__Work request__
The output should match, line for line, the records from the line containing "Galaxy Print Bikini" through the line containing "湟源县第一医共体大华分院20", with every picture left out.

==== Input data

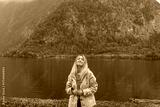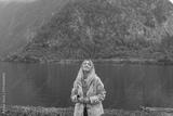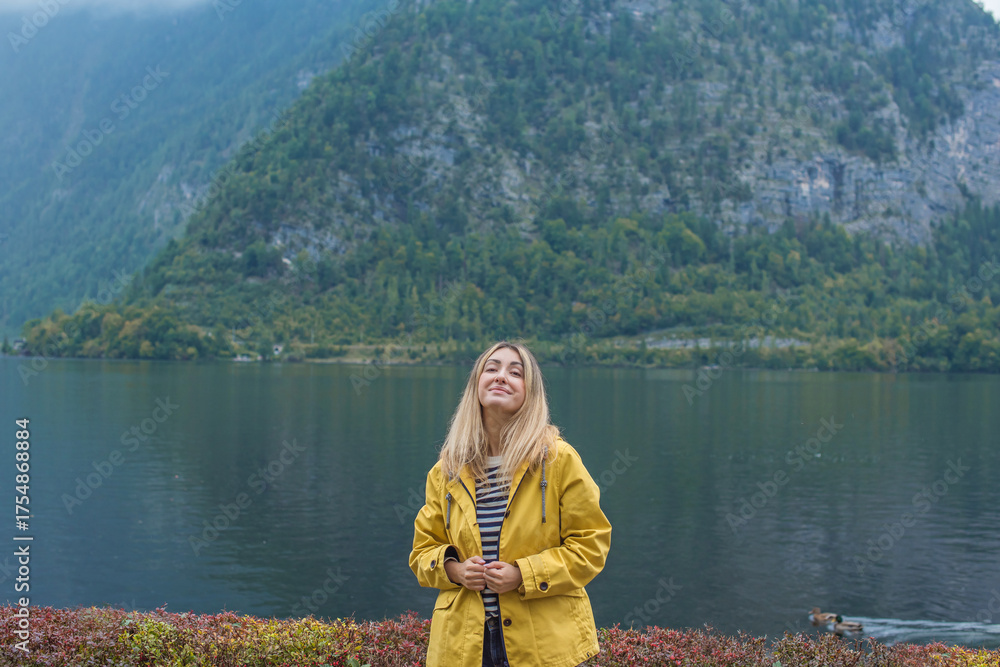 Tourist Lady Exploring Austrian Lake, Yellow Jacket Travel Concept
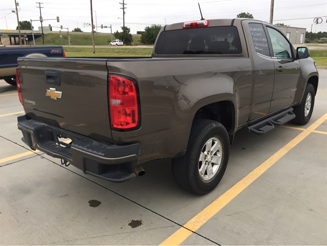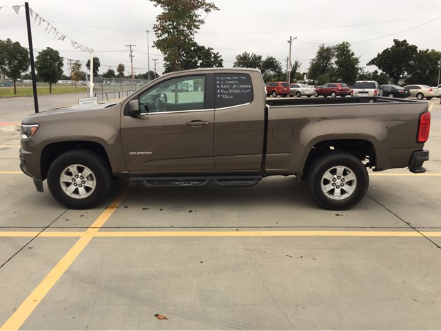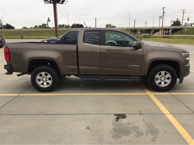 This is a beautiful 2015 Chevy Colorado W/T Extended Cab (4 Door) truck. It is loaded with power doors, windows and mirrors. The truck has a power driver's seat along with a back-up camera. It has a 2.5L 4 cylinder engine, that has been well serviced. It has a brown metallic exterior with black / grey cloth interior. This vehicle has a clear title. The tires are in good shape. It has only 64,865 miles.
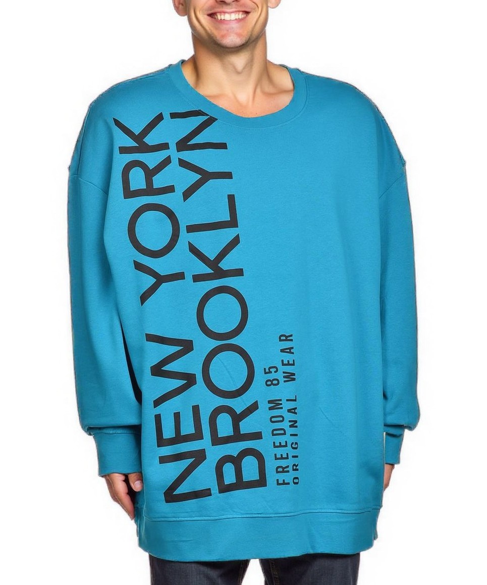Мъжка памучна блуза в тюркоазено с голям вертикален надпис NEW YORK BROOKLYN. Мека, удобна и стилна за всеки ден. Свободна кройка, дълги ръкави и практичен, оригинален дизайн. Подходяща за подарък. ВИП
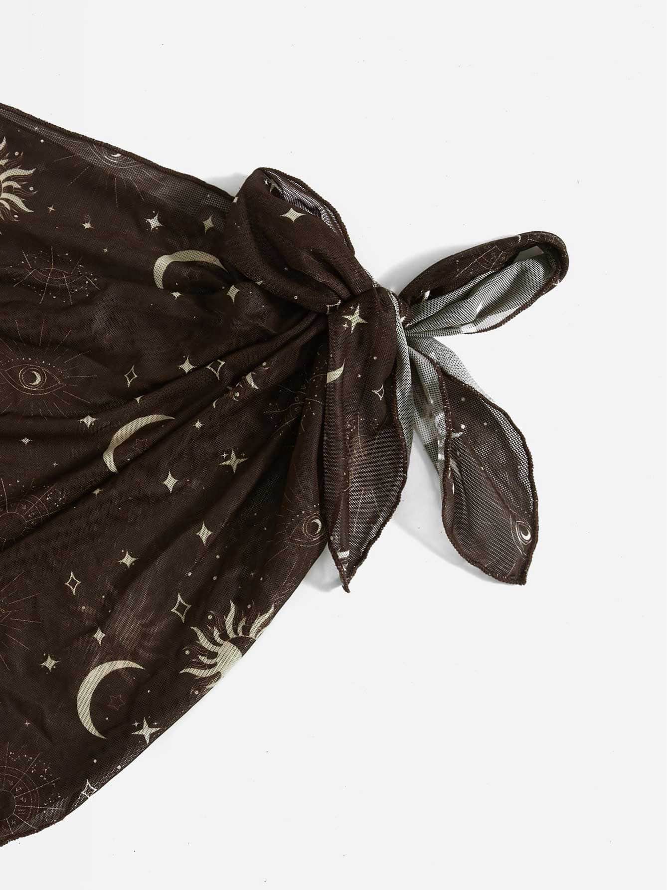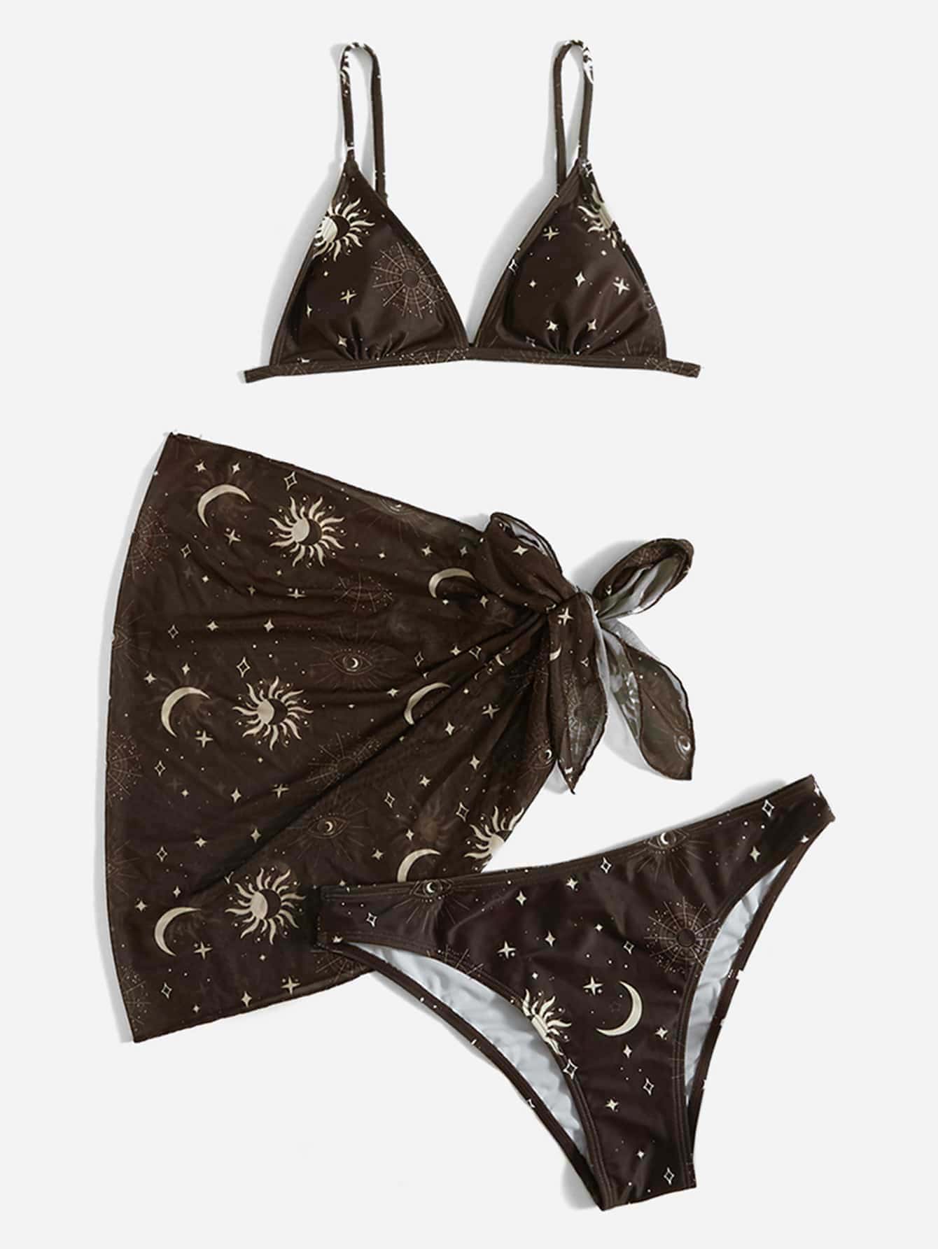 Galaxy Print Bikini Set Triangle Bra Top & Bikini Bottom & Summer Beach Vacation Skirt 3 Pieces Bathing Suit
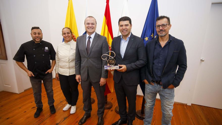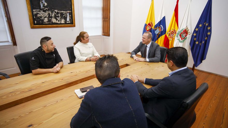 En la mañana del martes 18 de febrero, el Alcalde de la capital grancanaria, Augusto Hidalgo, recibió a los 4 restaurantes que salieron galardonados durante la gala de los IX Premios Qué Bueno Canarias Heineken 2020. A la cita acudieron los chefs Idaira Santana (El Pote, Mejor Cocina Española), Carmelo Florido (El Equilibrista33, Mejor Cocina Canaria), Braulio Rodríguez (Majuga, Mejor Chef de Canarias) y en lugar de Luis Ramos, jefe de sala de El Churrasco, ausente por viaje, acudió el propietario del Grupo M&M, Mario Gil (El Churrasco, Mejor Sala).
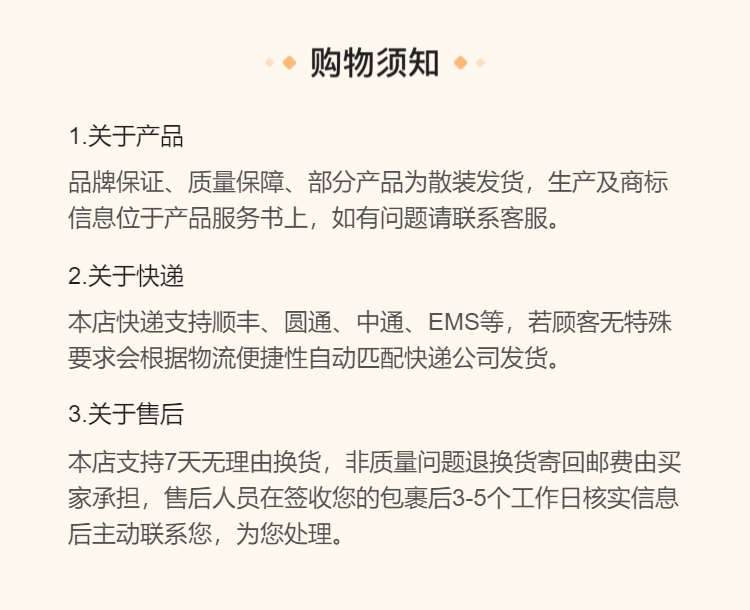 特别提示:商品详情页中(含主图)以文字或者图片形式标注的抢购价等价格可能是在特定活动时段下的价格,商品的具体价格以订单结算页价格为准或言是您与商家联系后协商达成的实际成交价格为准;如您发现活动商品价格或活动信息有异常,建议购买前先咨询商家。
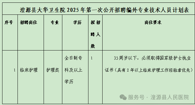 湟源县第一医共体大华分院2025年第一次公开招聘编外专业技术人员公告一、招聘原则
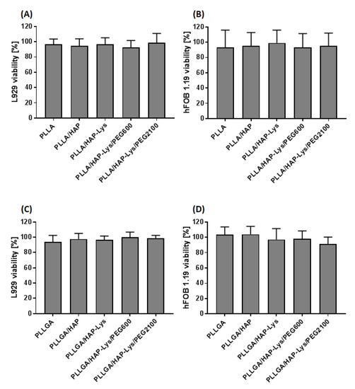 PLLA and PLGA have been considered as two of the most potent candidates for biomedical applications [31,32]. Due to their cytocompatibility, biodegradable properties, non-toxicity, and mechanical features, they are extensively used to fabricate tissue engineering scaffolds [33]. The biocomposites for medical applications destined for implantation or contact with tissue for long periods had to meet particular in vitro cytocompatibility criteria, even in the early stages of composite optimization (ISO 10993-5:2009). In this study, apart from standard L929 mouse fibroblasts, which are recommended by ISO standards, we used hFOB 1.19 human osteoblasts, that mimic the environment in which composites designed for bone regeneration stay in contact with. We found that the viability of target cells exposed to PLLA and PLLGA composites and their modifications remained at the same level as untreated controls. The results of the 3-(4,5-dimethylthiazol-2-yl)-2,5-diphenyltetrazolium bromide (MMT) reduction assay, which determines the metabolic function of cells by measuring the activity of mitochondrial dehydrogenase, showed that none of the PLLA- or PLLGA-based composites exhibited cytotoxicity after direct contact with these materials. As shown in Figure 7A, the viabilities of murine fibroblasts exposed to PLLA, PLLA/HAP, PLLA/HAP-Lys, and PLLA/HAP-Lys/PE600 were found to be 96.6% ± 6.8%, 94.6% ± 9.1%, 96.6% ± 8.4%, 92.4% ± 9.2%, and 98.6% ± 12.2%, respectively. The modifications of composites based on PLLGA (PLLGA, PLLGA/HAP, PLLGA/HAP-Lys, PLLGA/HAP-Lys/PEG600, and PLLGA/HAP-Lys/PEG2100) did not influence the viability of L929 cells (93.9% ± 8.4%, 97.6% ± 7.4%, 96.5% ± 5.1%, 99.9% ± 6.7%, and 98.3% ± 4.0%, respectively; Figure 7C). A similar effect was observed when hFOB 1.19 osteoblasts were exposed to PLLA-based composites (93.4% ± 22.5%, 95.2% ± 17.5%, 98.9% ± 17.0%, 93.2% ± 18.0% and 95.1% ± 16.9% for PLLA, PLLA/HAP, PLLA/HAP-Lys, PLLA/HAP-Lys/PEG600, and PLLA/HAP-Lys/PEG2100, respectively; Figure 7B) as well as PLLGA-based composites (103.6% ± 9.9%, 103.7% ± 10.5%, 97.0% ± 14.2%, 98.1% ± 10.2%, and 98.1% ± 9.3% for PLLGA, PLLGA/HAP, PLLGA/HAP-Lys, PLLGA/HAP-Lys/PEG600, and PLLGA/HAP-Lys/PEG2100, respectively; Figure 7D). All composites met the ISO criterion of maintaining the viability of at least 70% of cells exposed to the biomaterial for 24 h (ISO 10993-5:2009). A statistical analysis showed that modifications of PLLA-based and PLLGA-based composites did not affect the viability of target cells when compared with the physiological viability of control cell cultures. These results were in line with findings observed by other authors. Surfaces functionalized by arginine-glycine-aspartic acid and lysine-arginine-serine-arginine were found to support attachment, but did not enhance osteoblast differentiation or proliferation rate [34]. However, functionalization of surfaces with specific peptides, including l-lysine, may favor the attachment of osteoprogenitor cells and inhibit osteoblastic differentiation. The supporting impact of l-lysine on the attachment and viability of cells in the milieu of medical biomaterials was also proven. Recently, Castillo-Cruz et al. developed a Lys-based hydrogel that enhanced cell adhesion due to lysine residues. It was observed that the attachment of cells to lysine-modified hydrogel was five times more effective, compared with a poly-l-lysine coating. The interaction between the biomaterial and the cells might occur through electrostatic interaction between the positive charge from –NH3+ and negatively charged substances on the cell surface such as glycosaminoglycans [35,36]. The synergistic role of l-lysine and hydroxyapatite in osteoblast healing processes was also reported [11]. The results presented here as well as findings of other groups suggests that PLLA and PLGA with l-lysine modified hydroxyapatite support the cytocompatibility of composites, and that the biological activity remains when facilitating the adhesion process, which drives regeneration rather than cell proliferation or metabolic activity.
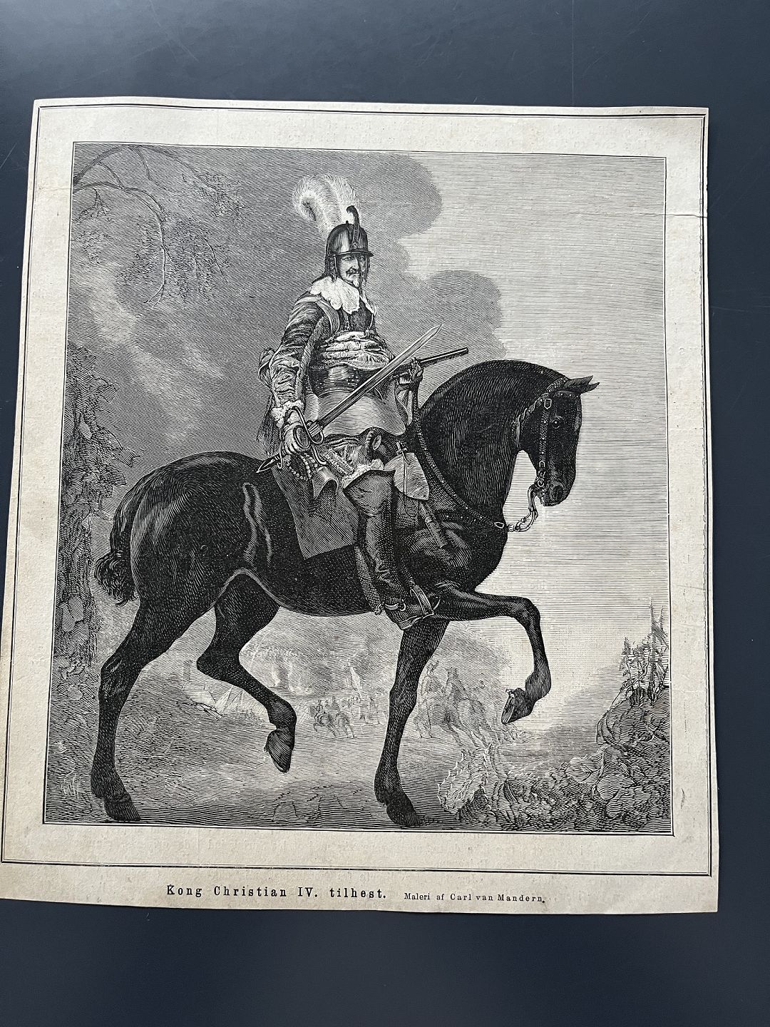 Text zugänglich auf Dänische: Xylografi af Frederik Hendriksen - HM Kong Christian IV til hest efter maleri af Karel van Mander.
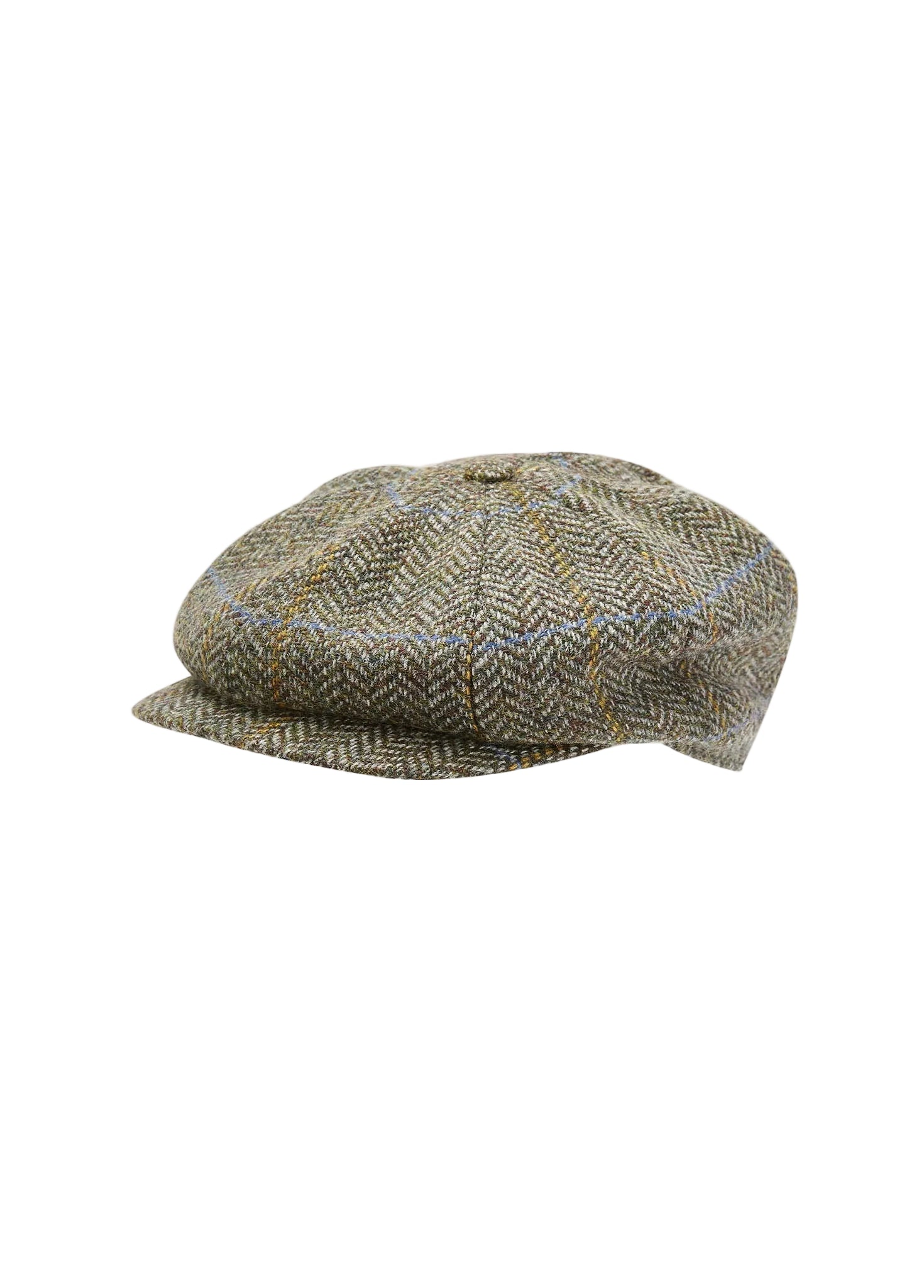 Tweed flat cap with traditional peak, for men and women. Available in a wide range of tweeds.
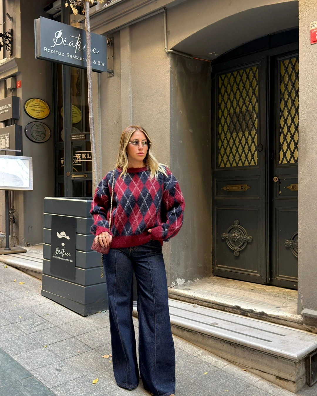 YUVARLAK YAKA BORDO LACİVERT BAKLAVA DESEN KAZAK
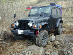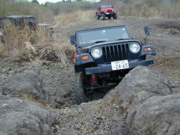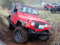 いいとこまで上がるんですが、同じところで流されます。 やはり、純正ノンスリでは厳しいです。敢え無く退場。 このあと、私も行きましたが、前後入れて、下品にクリアしちゃいました。(^^; みずかみさんは、前後入れて、アイドリングで通過したそうです。 |
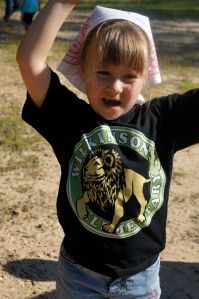 This spring I finally did a campfire with the girls. The week before we learned about fire safety and how to build a fire. We learned the terminology and practiced building one with food. And most importantly we made blinged out some bandanas for our campfire!
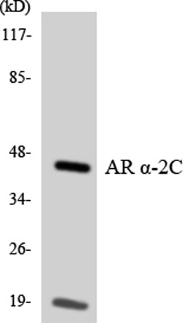 The antiserum was produced against synthesized peptide derived from human Adrenergic Receptor alpha-2C. AA range:336-385
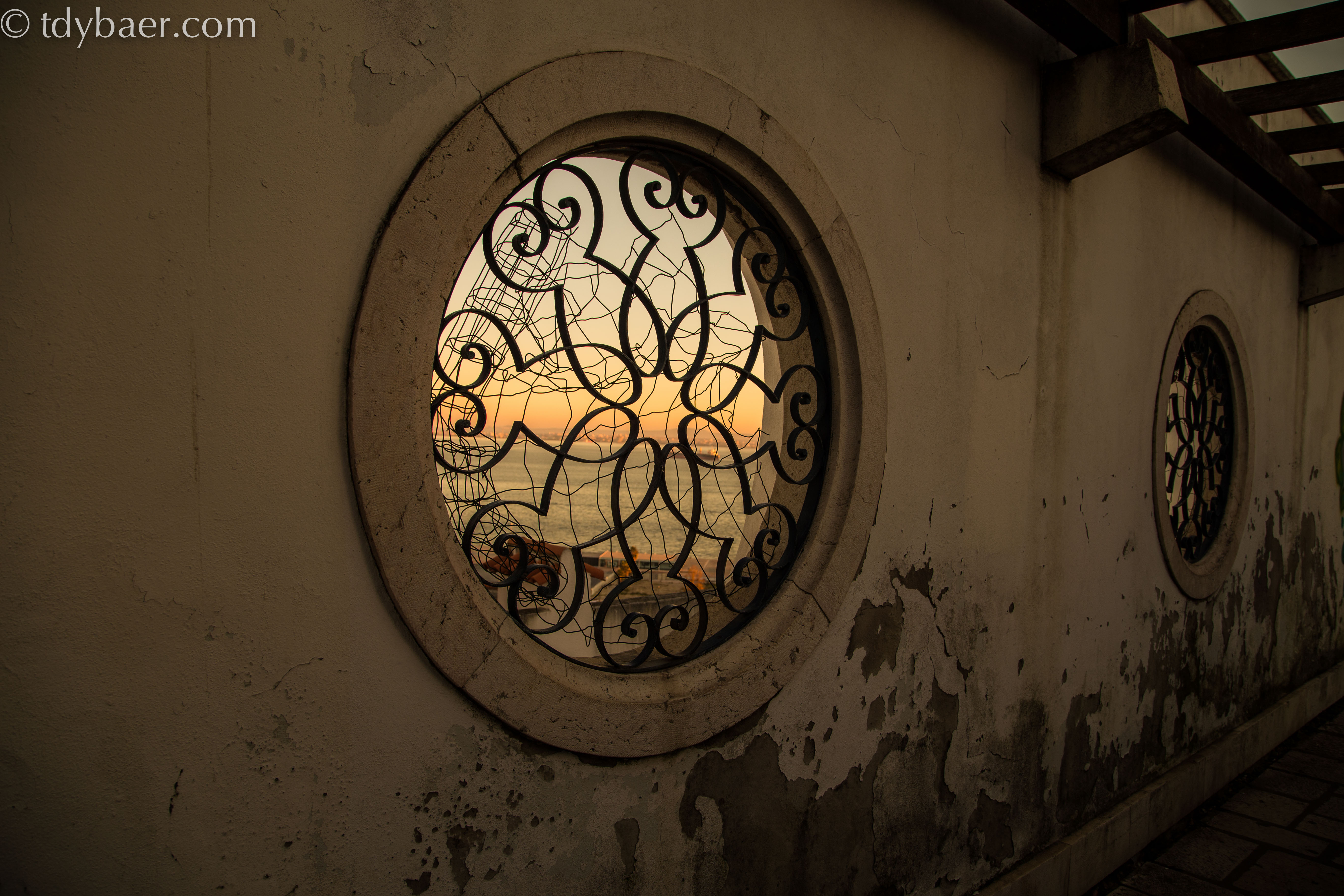 Durch enge Gassen geht es bergauf und bergab bis wir am „Miradouro Portas do Sol“ spontan aus der Bahn hüpfen :-).

========

__Answer below__
 Galaxy Print Bikini Set Triangle Bra Top & Bikini Bottom & Summer Beach Vacation Skirt 3 Pieces Bathing Suit
 En la mañana del martes 18 de febrero, el Alcalde de la capital grancanaria, Augusto Hidalgo, recibió a los 4 restaurantes que salieron galardonados durante la gala de los IX Premios Qué Bueno Canarias Heineken 2020. A la cita acudieron los chefs Idaira Santana (El Pote, Mejor Cocina Española), Carmelo Florido (El Equilibrista33, Mejor Cocina Canaria), Braulio Rodríguez (Majuga, Mejor Chef de Canarias) y en lugar de Luis Ramos, jefe de sala de El Churrasco, ausente por viaje, acudió el propietario del Grupo M&M, Mario Gil (El Churrasco, Mejor Sala).
 特别提示:商品详情页中(含主图)以文字或者图片形式标注的抢购价等价格可能是在特定活动时段下的价格,商品的具体价格以订单结算页价格为准或言是您与商家联系后协商达成的实际成交价格为准;如您发现活动商品价格或活动信息有异常,建议购买前先咨询商家。
 湟源县第一医共体大华分院2025年第一次公开招聘编外专业技术人员公告一、招聘原则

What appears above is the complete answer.